Across the Pacific Ocean, financial markets were impacted on Thursday by an encouraging report on the Chinese economy. China’s National Bureau of Statistics reported that its Purchasing Managers’ Index – a key gauge of manufacturing activity – increased to 50.2 in October from 49.8 in September. The figure represented the first reading above 50, the level that separates expansion from contraction, since July. Furthermore, it was one of the few significant positive data points from China in recent months, as the nation’s economy has slowed considerably.
While the gold price showed a slightly positive response to the Chinese PMI data, it relinquished its advance after four better than expected economic reports in the U.S. The ADP Employment report showed job additions in October of 158,000, well above the 131,000 consensus estimate among economists. Weekly jobless claims fell to 363,000, below the 370,000 median estimate. Consumer Confidence rose to 72.2, beating the 72.0 consensus figure. Lastly, the ISM Index for October increased to 51.7, surpassing the 51.0 figure economists were expecting.
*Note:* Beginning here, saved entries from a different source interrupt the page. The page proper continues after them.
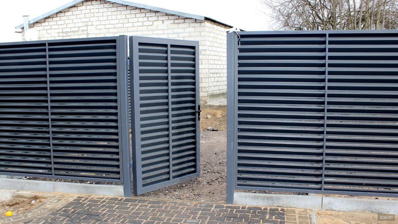 - заборы жалюзи, у которых доски располагают под углом к плоскости забора, оставляя между ними зазор;
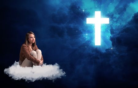 Caucasian woman sitting on a white fluffy cloud looking at a big, bright; blue; glowing cross
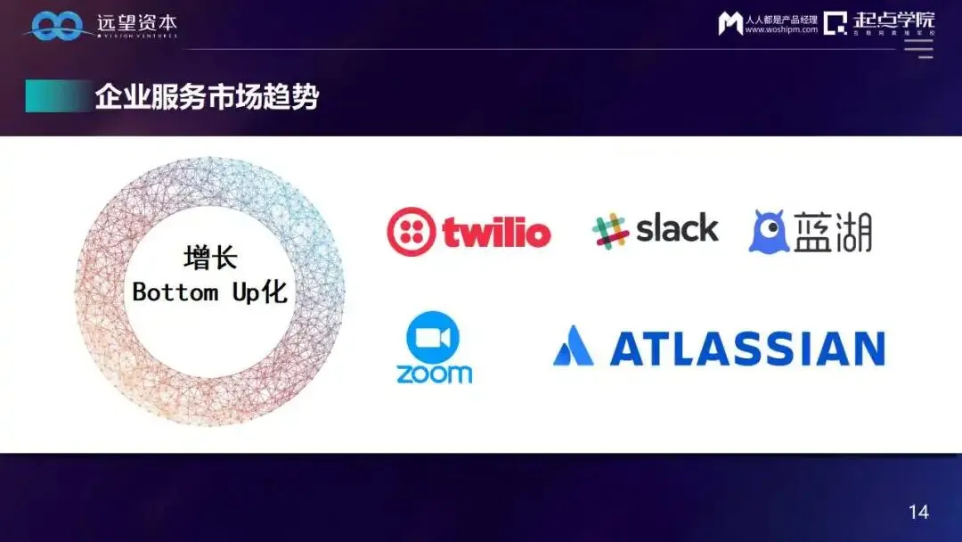 也就是从底至上,现在很多公司使用企业服务软件是从基层开始使用的,不像以前卖软件你得先搞定CEO,现在比如twilio、zoom、slack等等,哪一个是老板告诉你用的?基本都是员工自发的开始使用。
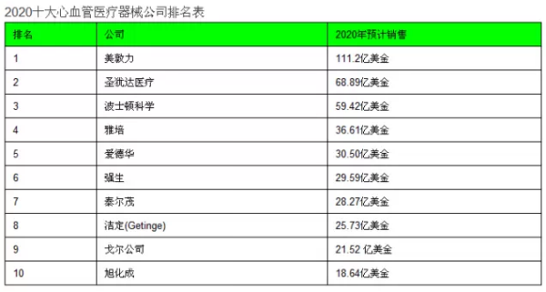 這份報告并沒有考慮美敦力將會并購柯惠醫療的事宜,而這次并購將增強美敦力在心血管市場的主導地位。如果加上柯惠醫療(排在這份榜單的第11位)的數據,2020年美敦力全球的銷售額將達到126億美金,占據全球22%的市場份額。
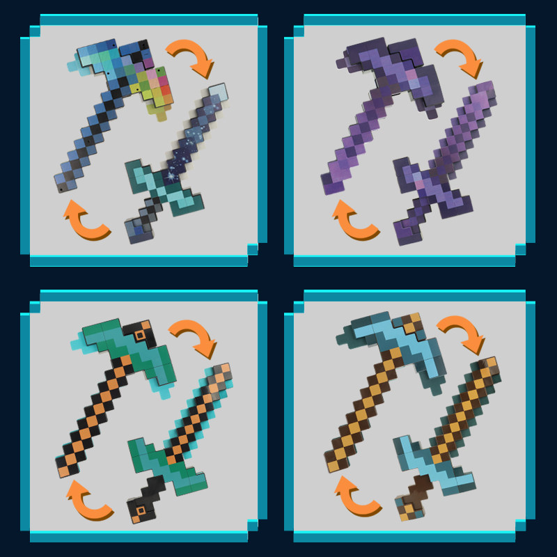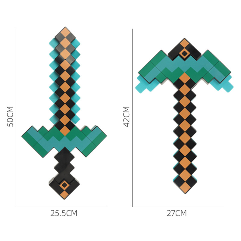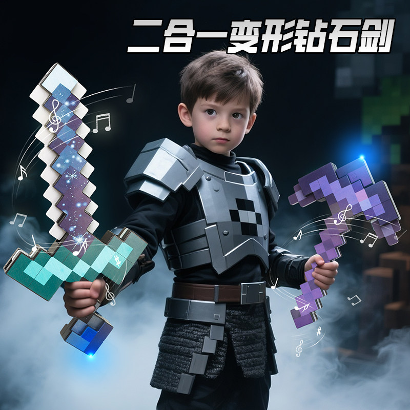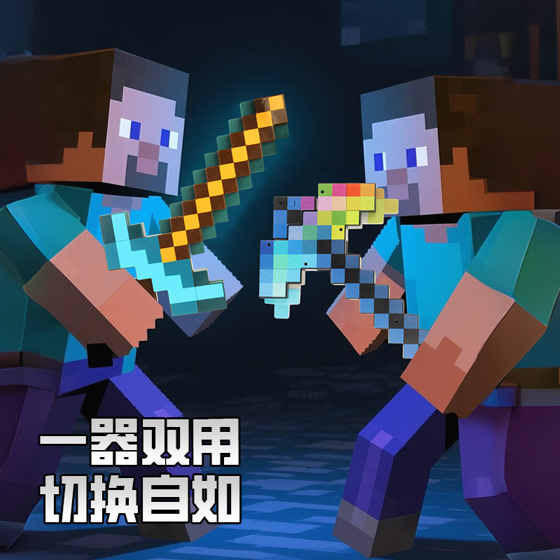 📚 我的世界钻石剑镐二合一玩具mc下界合金可变形附魔弓箭武器刀模型
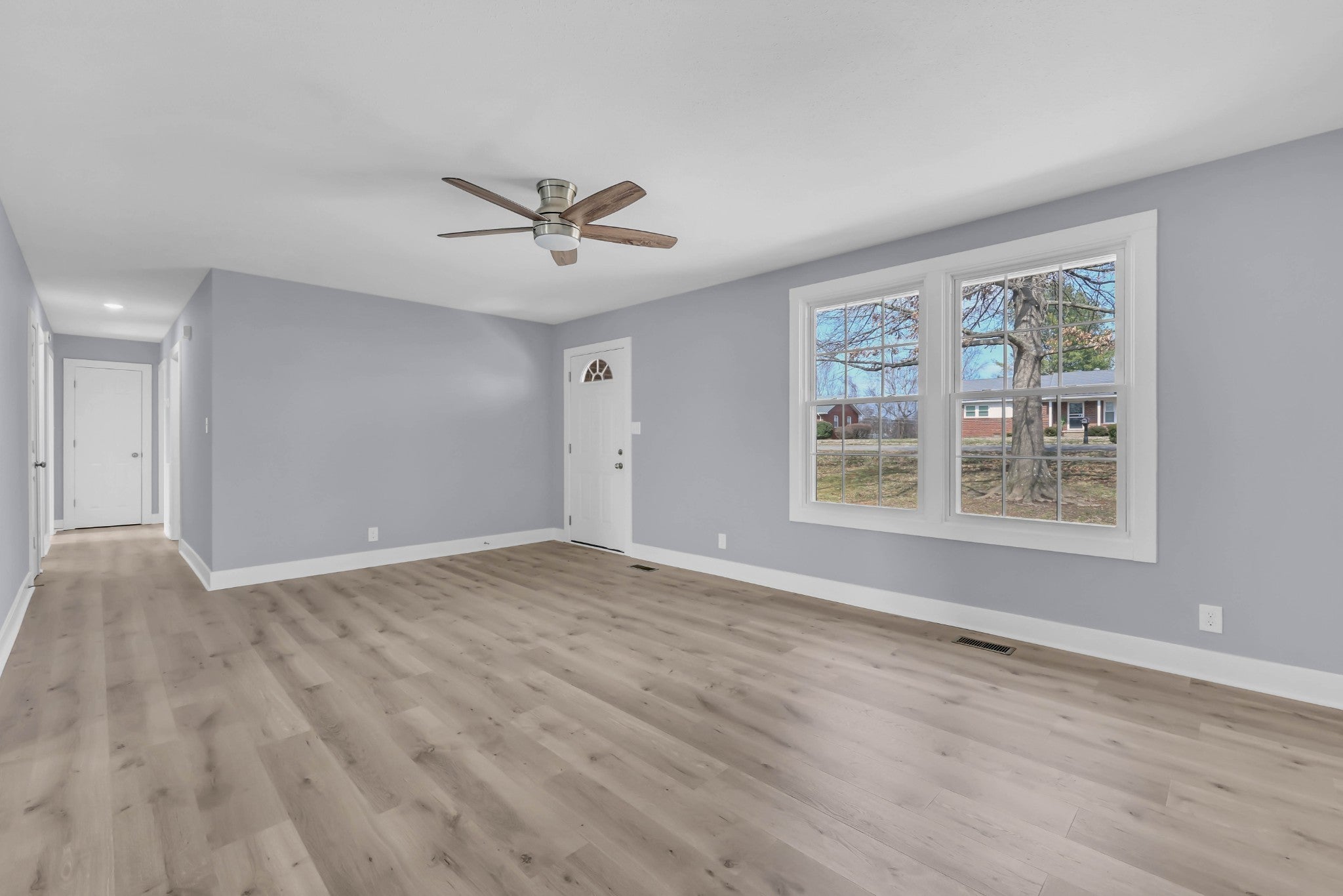 Welcome to a beautifully updated all brick ranch style home with a full basement situated on a spacious lot just minutes from Downtown Clarksville, Austin Peay State University, Fort Campbell, the Industrial Park, and Interstate 24. This move in ready home has been thoughtfully updated throughout and offers the perfect combination of classic construction and modern improvements. The main level features three bedrooms and two full bathrooms along with a comfortable living area filled with natural light. New luxury vinyl plank flooring, fresh paint, updated trim, and new interior doors create a clean and modern feel throughout the home. The kitchen has been completely refreshed with new cabinetry, granite countertops, and stainless appliances, providing a functional and attractive space for everyday living and entertaining. Both bathrooms have also been updated with new tub and shower enclosures, new vanities, toilets, lighting, accessories and plumbing fixtures. One of the standout features of this home is the expansive new deck overlooking the backyard, offering a great space to relax, entertain, or enjoy the surrounding views. The lower level provides exceptional flexibility with a large finished bonus space, a dedicated laundry area, and access to the oversized two car basement garage. The garage offers abundant room for parking, storage, or workshop space. Additional improvements include new lighting and ceiling fans throughout the home, a new HVAC system, new hot water heater, new garage doors, and other areas that were recently updated such as replacement windows and roofing. Outside you will appreciate the large lot and extended driveway that provides plenty of parking and easy access. If you are looking for a fully updated brick home with flexible living space, a large deck, and a convenient location close to everything Clarksville has to offer, this property is a must see.

Despite the plethora of signals that the U.S. economy is holding firm despite a multitude of headwinds – from the ongoing European debt crisis to the looming fiscal cliff to the upcoming presidential election – the price of gold managed to mitigate its losses. In recent weeks, the gold price has held above $1,700 per ounce on several occasions – which many market strategists have attributed to the Federal Reserve’s pledge to maintain its third round of quantitative easing (QE3) and other accommodative monetary policies even as the U.S. economy improves.